The periodic down regulation of Cyclin E gene expression from exit of mitosis to end of G(1) is controlled by a deacetylase- and E2F-associated bipartite repressor element

Polanowska, J.; Fabbrizio, E.; Le Cam, L.; Trouche, D.; Emiliani, S.; Herrera, R.; Sardet, C.


2001-07-12 / vol 20 / pages 4115-27


The expression of cyclin E and that of a few other bona fide cell cycle regulatory genes periodically oscillates every cycle in proliferating cells.
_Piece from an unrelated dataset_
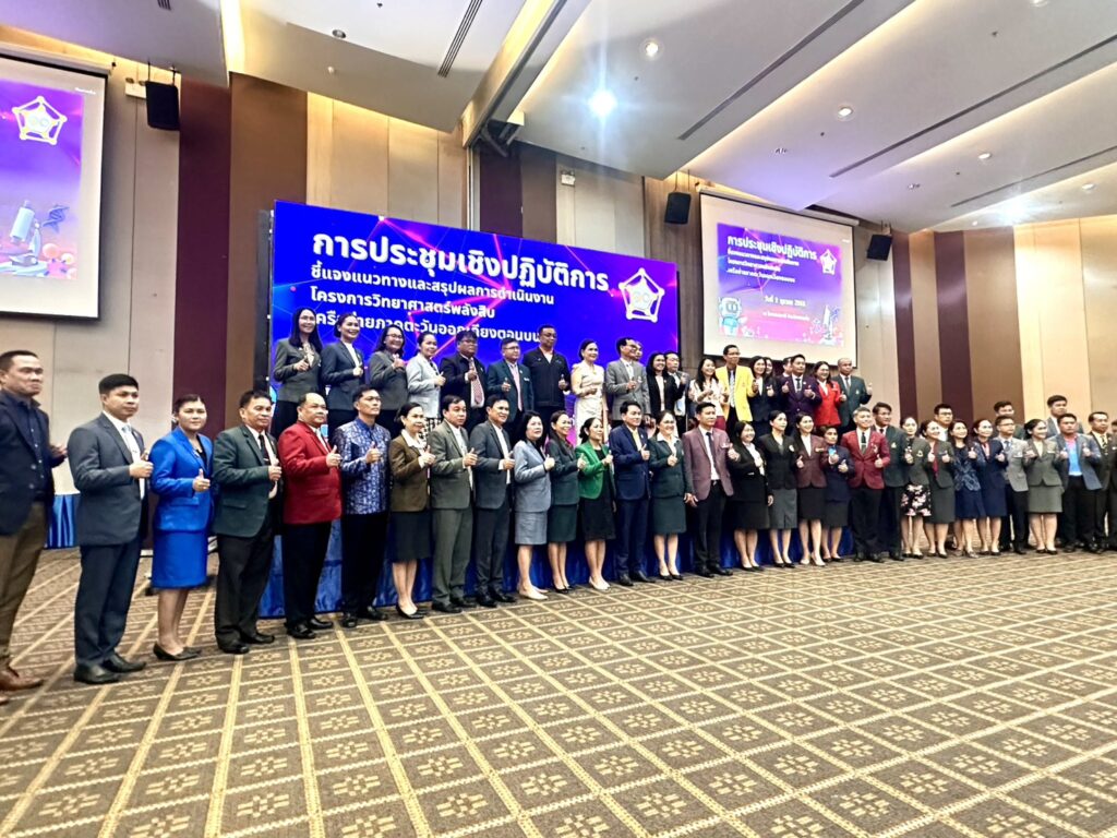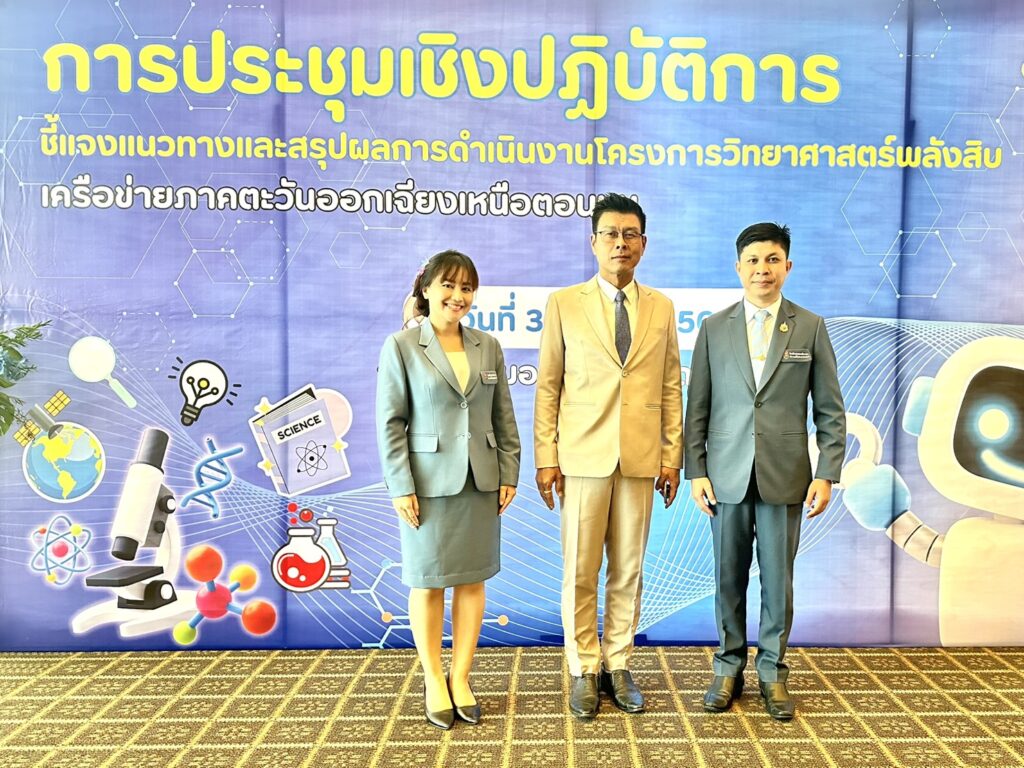 นายธเนตร มีรัตน์ ผู้อำนวยการ นายเอกชัย กุลพัทธ์ไพศาลรองผู้อำนวยการกลุ่มบริหารวิชาการ และนางรุ่งทิวา คำแฝง ครูผู้ประสานงานโครงการวิทยาศาสตร์พลังสิบเข้าร่วมการประชุมเชิงปฏิบัติการชี้แจงแนวทางและสรุปผลการดำเนินงานโครงการวิทยาศาสตร์พลังสิบ เครือข่ายภาคตะวันออกเฉียงเหนือ

Although numerous experiments have documented the role of E2F sites and E2F activities in the control of these genes as cells exit from G(0) to move through the initial G(1)/S phase transition, almost nothing is known on the role of E2Fs during the subsequent cell cycles. Here we show that a variant E2F-site that is part of the Cyclin E Repressor Module (CERM) (Le Cam et al., 1999b) accounts for the periodic down regulation of the cyclin E promoter observed between the exit from mitosis until the mid/late G(1) phase in exponentially cycling cells. This cell cycle-dependent repression correlates with the periodic binding of an atypical G(1)-specific high molecular weight p107-E2F complex (Cyclin E Repressor Complex: CERC2) that differs in both size and DNA binding behaviors from known p107-E2F complexes. Notably, affinity purified CERC2 displays a TSA-sensitive histone deacetylase activity and, consistent with this, derepression of the cyclin E promoter by trichostatin A depends on the CERM element. Altogether, this shows that the cell cycle-dependent control of cyclin E promoter in cycling cells is embroiled in acetylation pathways via the CERM-like E2F element.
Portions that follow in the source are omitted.